Supplied material
--

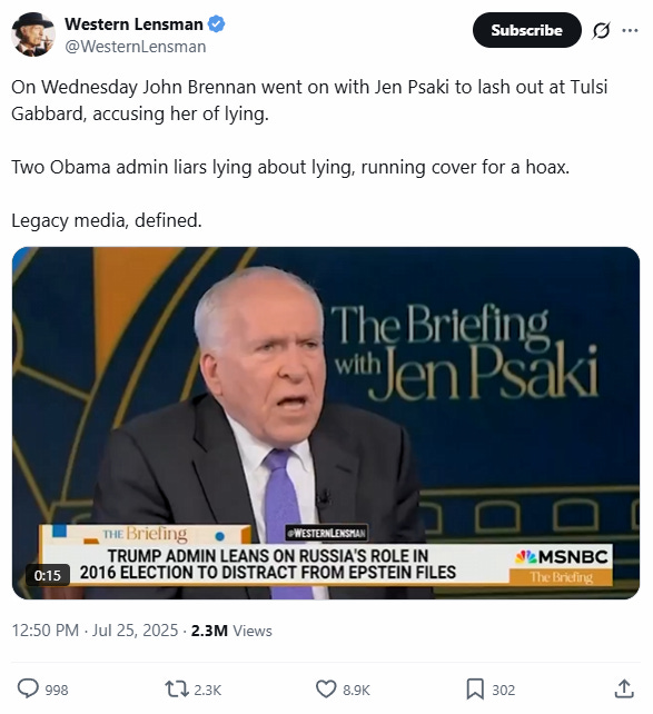 Brennan openly accused DNI Tulsi Gabbard of lying even though the documents are declassified for all to read.
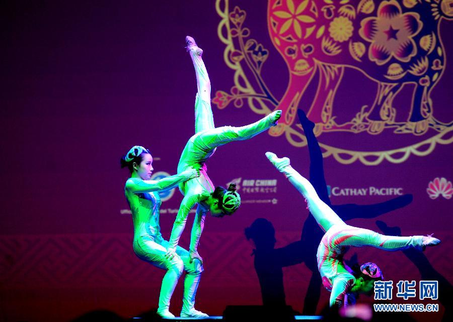 2月12日,在意大利罗马音乐公园,湖南杂技艺术团演员表演杂技。当日,由陕西歌舞艺术团和湖南杂技艺术团带来的“欢乐春节”文艺演出在意大利罗马音乐公园上演,优美的舞蹈和精彩的杂技表演博得现场观众的喝彩。新华社记者许逆之摄
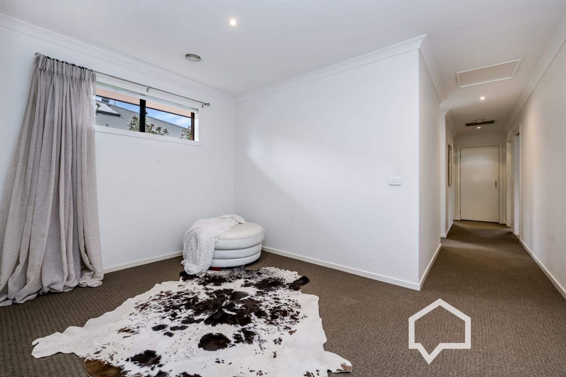The generous main bedroom includes a spacious walk-in robe and a private ensuite, ensuring a peaceful retreat. A separate rear hallway leads to three additional bedrooms, a dedicated study, and a contemporary family bathroom, offering flexibility and space.

--

Instructions to follow
The listing above needs to be output again exactly. Don't include the pictures.

Written answer
 Brennan openly accused DNI Tulsi Gabbard of lying even though the documents are declassified for all to read.
 2月12日,在意大利罗马音乐公园,湖南杂技艺术团演员表演杂技。当日,由陕西歌舞艺术团和湖南杂技艺术团带来的“欢乐春节”文艺演出在意大利罗马音乐公园上演,优美的舞蹈和精彩的杂技表演博得现场观众的喝彩。新华社记者许逆之摄
The generous main bedroom includes a spacious walk-in robe and a private ensuite, ensuring a peaceful retreat. A separate rear hallway leads to three additional bedrooms, a dedicated study, and a contemporary family bathroom, offering flexibility and space.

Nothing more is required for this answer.